The results of the latter two studies by Nedeltcheva et al. [19] and Benedict et al. [20] demonstrate that, similar to the effects observed in RMR, an effect of sleep on TEF was only observed after a night of total sleep deprivation as opposed to a milder partial sleep curtailment. Specifically, TEF was unchanged after sleeping 5.5 h/night or 8.5 h/night for 14 days [19] but was significantly decreased after a night of sleep elimination compared to after an 8-h sleep opportunity [20].

Two of the studies described above [18, 19] utilized DLW to assess daily TEE. No significant changes in TEE were observed either after 4 days of restricting sleep to 4 h/night [18] or after 14 days of restricting sleep to 5.5 h/night [19]. A study conducted by Jung and colleagues in a metabolic chamber [21] compared TEE throughout 24 h when an 8-h sleep episode was allowed (sleep timing based on participants’ habitual sleep schedule) and when sleep was eliminated. TEE was significantly increased during sleep elimination compared to sleep allowance conditions. Increases were mainly observed during the habitual night, which supports a role of sleep in energy conservation [21]. Critical differences between these studies include the use of DLW or metabolic chamber for EE measures and the use of partial or total sleep deprivation.

Free-living PA under sleep-restricted conditions has been measured with the use of actigraphy.

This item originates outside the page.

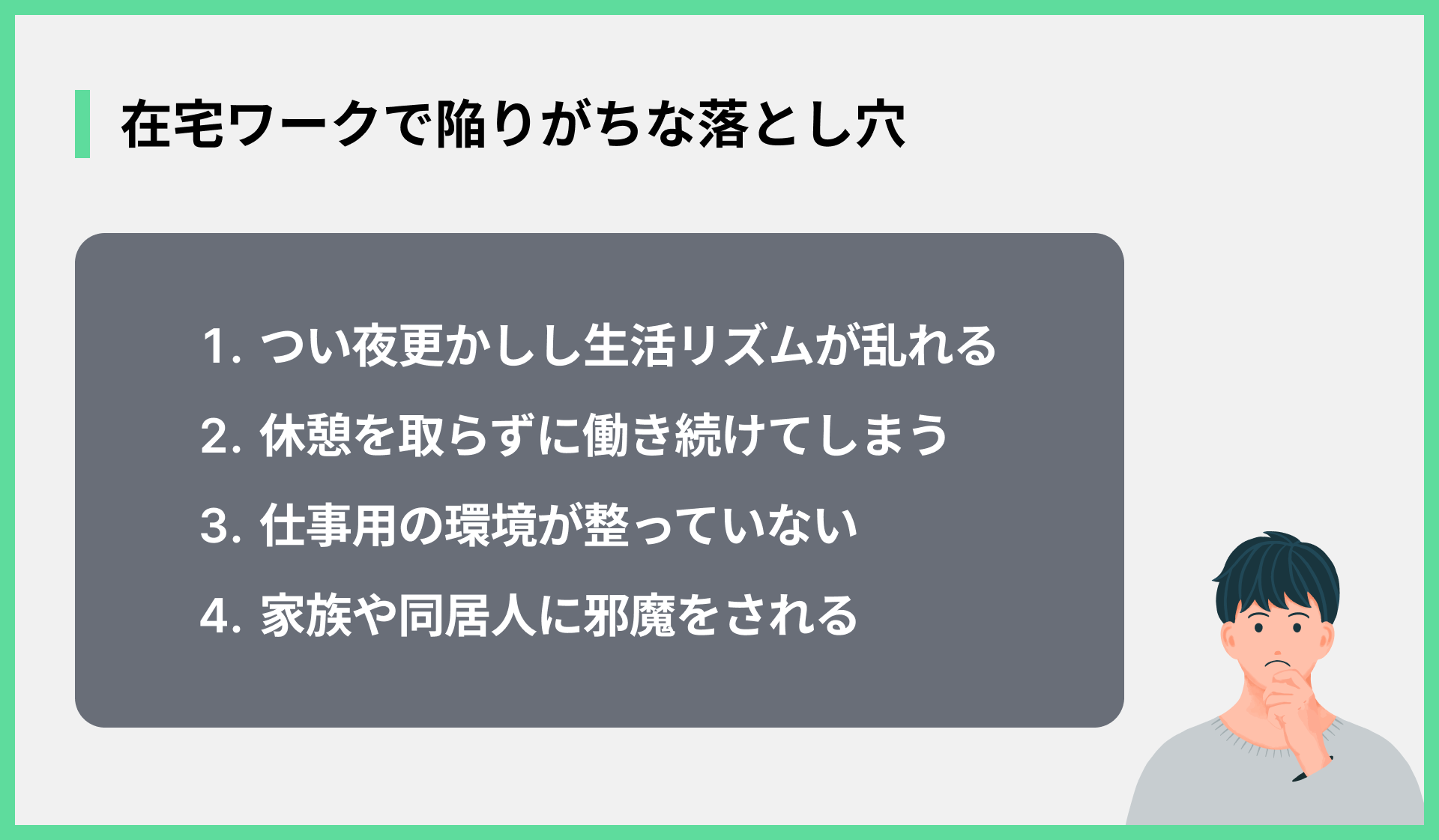 生活空間と仕事場が同じになるため、自己管理が重要になります。仕事のオンとオフの境界が曖昧になり、だらだらと夜遅くまで仕事をしてしまう可能性があります。「朝起きたらパジャマから着替える」「仕事を開始する時間と終了する時間を決める」など、自分なりのルールを作ることが、メリハリをつけて働くためのコツです。

Two of these studies with somewhat similar experimental designs report contradictory results [25, 27]. Both studies included men exclusively. Schmid et al. found lower daytime PA after 2 days of 4.25-h TIB compared to 8.25-h TIB [27]. This study utilized wrist-worn actigraphy, and short sleep timing was anchored to habitual wake-up time (habitual, 2245–0700 h; short, 0245–0700 h) [27]. Conversely, Brondel et al. found increased afternoon-to-evening (1215–2015 h) PA after 2 days of 4-h TIB compared to 8-h TIB [25]. The Brondel et al. [25] study, on the other hand, utilized waist-worn actigraphy, and short sleep timing was anchored to the midpoint of habitual sleep (habitual, 0000–0800 h; short, 0200–0600 h). St-Onge et al. observed that less percentage of time was spent in heavy and very heavy activity after short (4-h TIB, 0100–0500 h) vs. habitual (9-h TIB, 2200–0700 h) sleep, when PA was assessed in men and women with waist-worn actigraphy [18].

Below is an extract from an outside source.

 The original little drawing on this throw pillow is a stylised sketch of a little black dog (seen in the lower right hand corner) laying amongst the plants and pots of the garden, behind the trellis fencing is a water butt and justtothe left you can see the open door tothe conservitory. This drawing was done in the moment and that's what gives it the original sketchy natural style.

Taken together, the findings of the studies described above suggest that a few nights of moderate partial sleep restriction do not have a large effect on energy metabolism. In contrast, a single night of total sleep elimination results in a wakefulness-associated increase in nocturnal EE. A speculative extension of this finding is that it may lead to compensatory decreases in next-day RMR [16]. Though contradictory results are present, partial sleep restriction may reduce the intensity and amount of PA, which could be a contributor in the pathway to obesity.

Sleep Restriction and Hunger/Appetite

Methodological details and findings of studies which have focused on the effects of sleep restriction on ratings of hunger/appetite are summarized in Table 11.2.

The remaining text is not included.